Other Kinds of COBOL Efficiency
Arnold J. Trembley
Recently, I received an email question on COBOL programming efficiency. This question reminded me of a ANS COBOL programming course I took in the very early 1980's. Wall-clock Runtime performance is not the only kind of programming efficiency. Here is the primary text of that message:
Subject: Cobol efficiency question
Date: Tue, 17 Dec 2002 11:21:02 -0500
Hello,I came apon your web site below and wonder if you don't
mind if I run aquestion by you.
I work in a shop where there's a cobolii standard which says
that all constants should be defined in working storage.
As a result, we have code like this in our programs:
05 w70-value-1 pic 9 value 1.
add w70-value-1 to w80-total.
In my opinion, this seems like unnecessary and wordy coding.

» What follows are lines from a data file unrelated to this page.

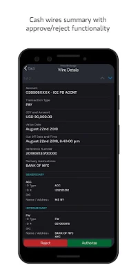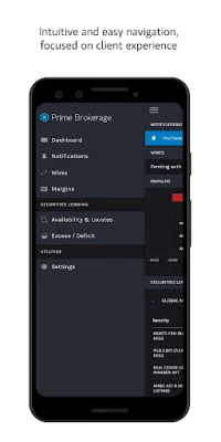 Cash wire summary with approve/reject functionality Centralised dashboard providing a clear and concise overview of key items requiring attention Securities lending excess/deficit summary Margin Summary Screen The app also has 2 factor authentication, including Android Fingerprint Authentication.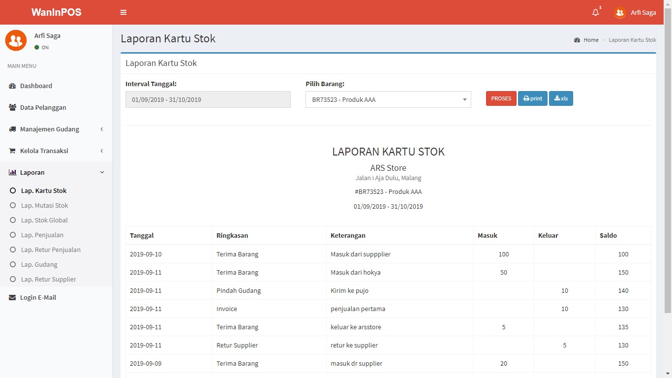 - Laporan Kartu Stok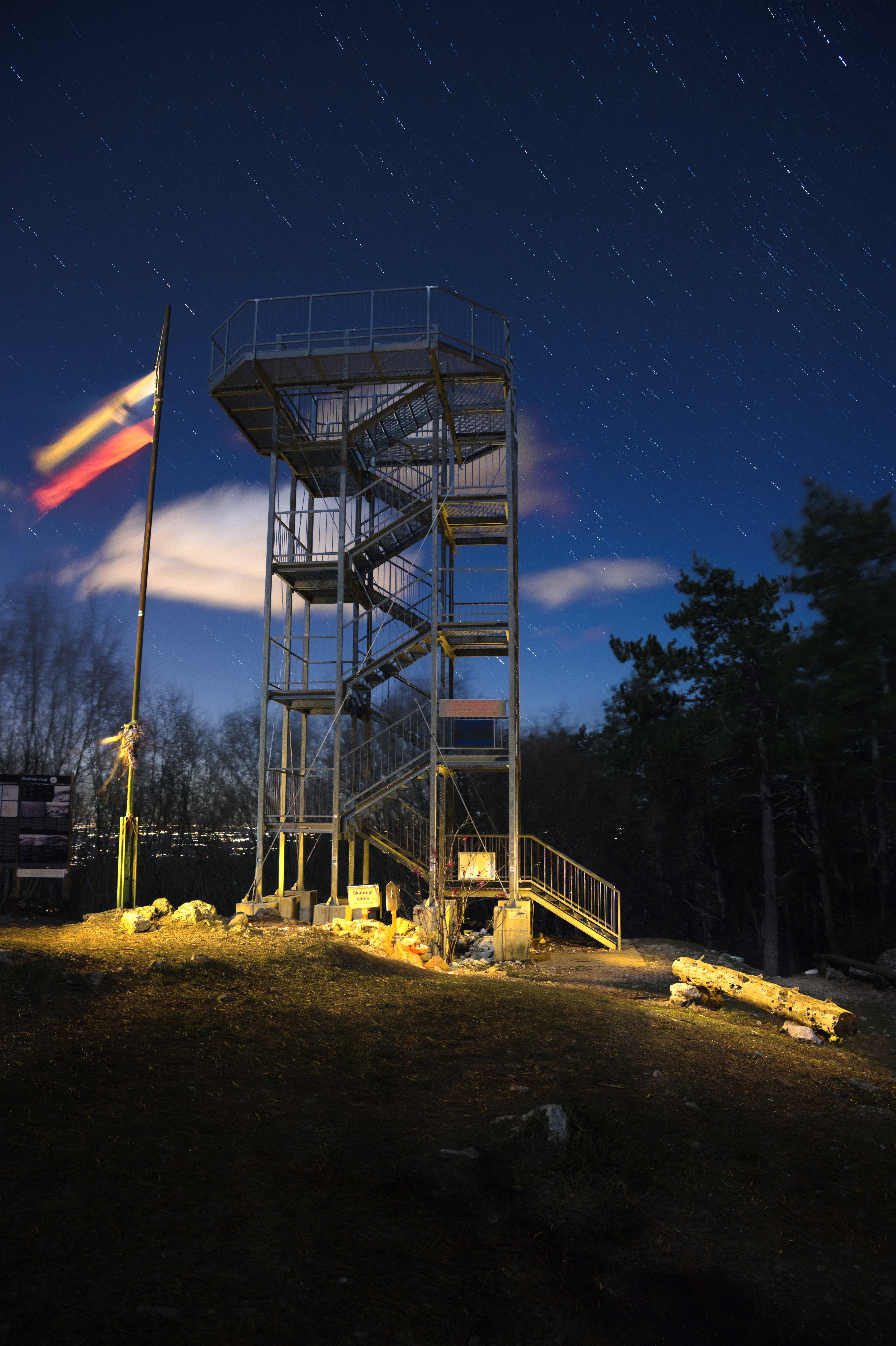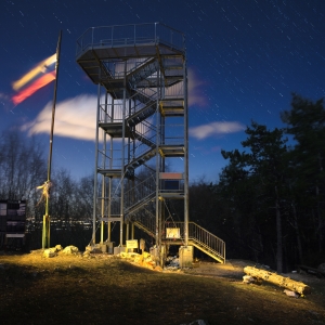 Runners pass through a 280-meter-long cave from World War I (a headlamp is recommended). The trail continues on the northern slopes toward the statue of St. Francis, then follows the ridge to the Sveta Gora basilica. The descent features stone steps leading to a forest trail toward Preški Vrh.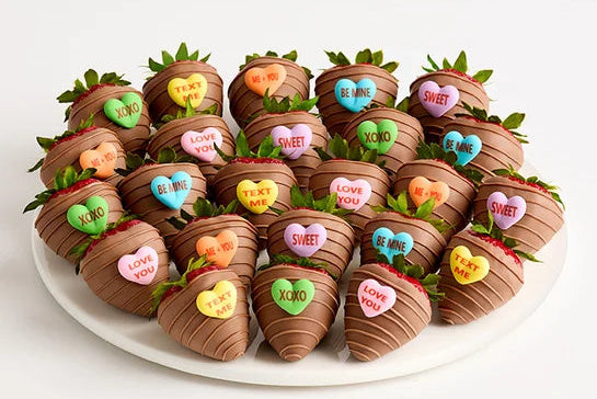 Express your affection with our Talking Hearts Chocolate Dipped Strawberries—a sophisticated twist on Valentine's Day romance. Each plump, fresh strawberry is enrobed in smooth milk chocolate and adorned with charming sugar decorations mimicking beloved Conversation Hearts.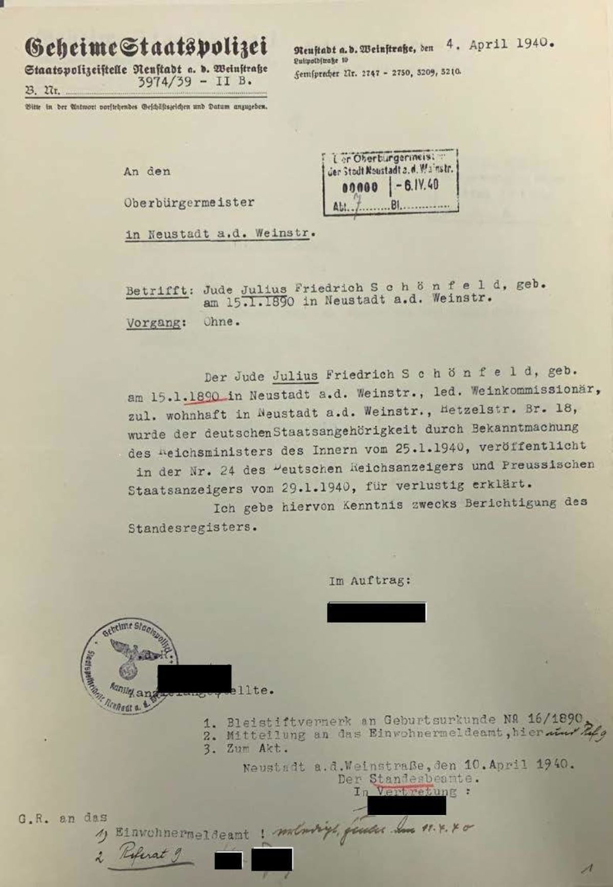 M14: Materialsammlung zur Verfolgung von Gerhard Volk und Julius Schönfeld aus Neustadt in den Jahren 1936-38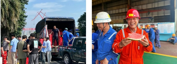 廣船國際始終將員工身心健康與安全生產(chǎn)放在首位,用科學(xué)調(diào)度、貼心保障的“組合拳”,撐起“清涼保護傘”。該公司向全體工會會員發(fā)放慰問清涼飲料,做好防暑降溫工作,保障員工健康;所屬文沖修造常態(tài)化開展“送清涼”活動,各部門自發(fā)熬煮糖水、派發(fā)西瓜,讓“清涼”直抵崗位、暖到心間。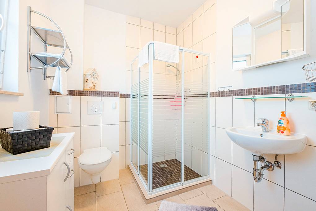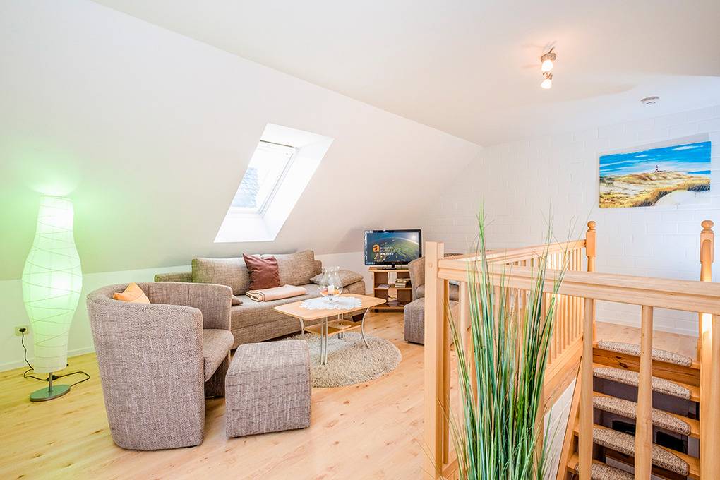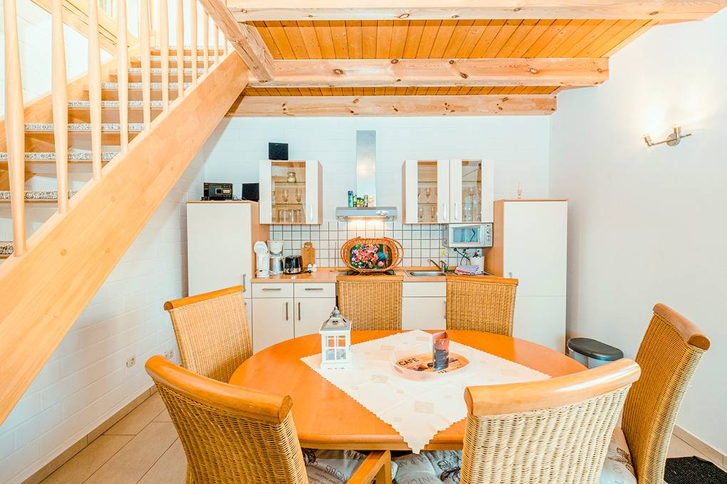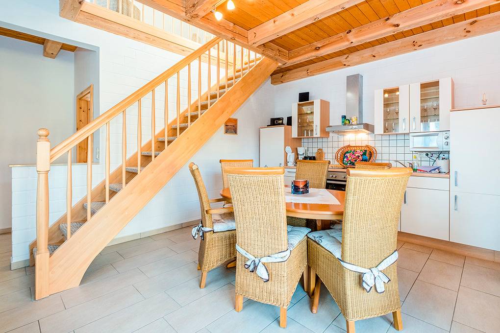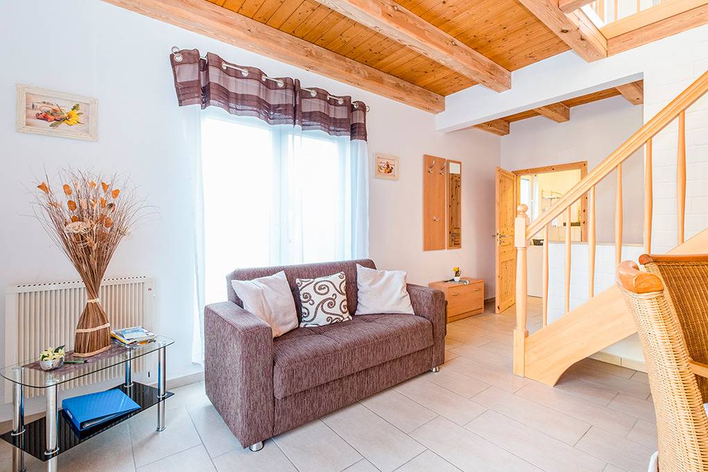 D 15.6 Ferienhaus 2-4 Pers.: 2 1/2-Zimmerhaushälfte, 80 qm Wohnfläche über 2 Etagen. Parterre: Heller Wohn-/Essraum mit Sitzecke, Esstisch, moderner Küchenzeile (Backofen, Mikrowelle). Doppelzimmer. Bad/WC. Treppe in die 1. Etage (leichte Dachschrägen): großzügiger, offener Wohn-/Schlafbereich mit Sitzecke, Sat-TV, 2 Einzelbetten (D 15.6 mit 2 separaten Schlafzimmern). Terrasse mit Sitzmöbeln, Wasserblick (nur bei D 15.6). Grill.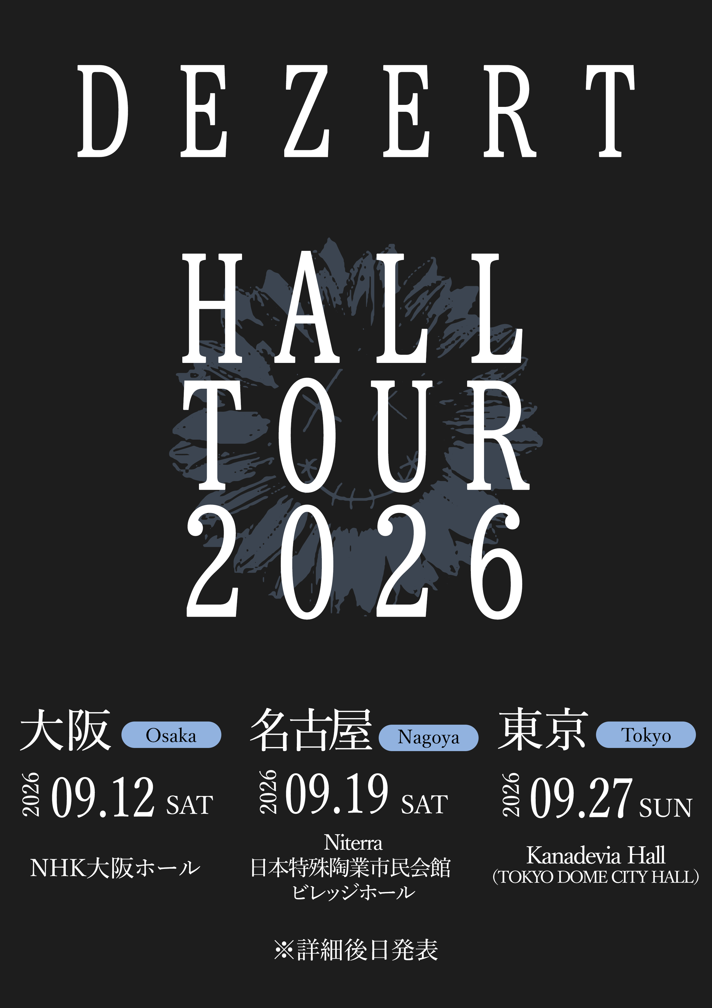 2026年9月12日(土) 大阪:NHK大阪ホール2026年9月19日(土) 愛知:Niterra日本特殊陶業市民会館 ビレッジホール2026年9月27日(日) 東京:Kanadevia Hall(TOKYO DOME CITY HALL)※詳細後日発表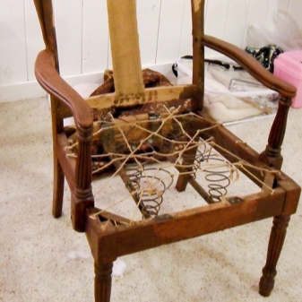 - First, you should carefully check if there are any damages on the chair elements. If a breakdown is found, then it must be repaired. If in the process of restoration it was found that the chair leg, made of chipboard, was deformed and began to crumble, then it should be redone. Here is useful furniture shield.

The fellow who sits next to me thinks this standard exists
for the purpose of optimizimg the programs efficiency. I
think it was defined for the purpose of easier program
maintenance. In my opinion, people didn't understand the
purpose of this rule, took the rule too literally and then
I can see cases where it may make sense code this way, for
05 w70-table-size pic 99 value 10.
perform update-table varying index from 1 by 1
until w80-table-index > w70-table-size.
Here, if the table size increases, you can simply change
the value in working storage and then there is no need to
change code in the procedure division. So here is my
question for you. With your knowledge of Cobol
optimization, does the first example above do anything to
improve a program's efficiency?
Thanks for your time!
Susan is absolutely correct that this kind of "Application Coding standards" rule really exists to facilitate future program maintenance and readability. Defining constants in WORKING-STORAGE instead of using literals in the PROCEDURE DIVISION has virtually no measurable effect on program runtime efficiency.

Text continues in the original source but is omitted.